「慈愛会ひだ」の理念 ~私たちの思い~

 

 死を迎えるのに恐怖を感じるのは、人としてごく普通で自然なことです。

しかし医療や福祉のケアの現場で、スピリチュアルペイン(死に対する心理的な苦悩や恐怖)に対応するケアが実施されている環境はきわめて稀です。なぜならスピリチュアルケアを実施しても、保険点数が付かないため、経営者側がその導入にあまり積極的ではないからです。ホスピスなどの緩和ケア病棟でも、実施しているところは数えるほどしかありません。

 

 現在8 つの大学やNPOで「臨床スピリチュアルケア師」「認定スピリチュアルケアワーカー」

「認定臨床宗教師」を養成して、その数は全国で1000 人になろうとしているにもかかわらず、その人たちの活躍する職場(場面)は限られています。国や施設からの要請を待っていてはいつまでも「死の恐怖におびえる人々」へは届かないのが実態です。

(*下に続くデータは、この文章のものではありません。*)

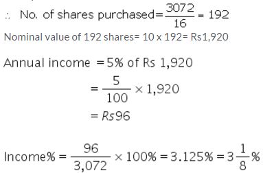 A man invests ₹ 3,072 in a company paying 5% per annum, when its ₹ 10 share can be bought for ₹ 16 each. Find :

 いのちの終わりを迎えようとしているご本人だけでなく、ご家族も同様に不安や悩みを抱えています。しかしそのこころの内を話せる場はそれほど多くありません。

 また、大切な人が旅立ったあとの悲しさ、寂しさ、孤独感にさいなまれている人は少なからずおられます。

 

 そこで飛騨高山を拠点に有志が集い、2023年5月3日に市民活動団体「慈愛会ひだ」を立ち上げました。慈愛会の目的は、「慈悲と愛の精神で、社会の諸課題にコミットする地域密着型、多職種連携型のケアグループ」です。

 少しでも皆さまのお役に立ちたいとの思いから地道な活動を行っています。趣旨にご賛同いただける方やご協力いただける方からのお力添えをお待ちしております。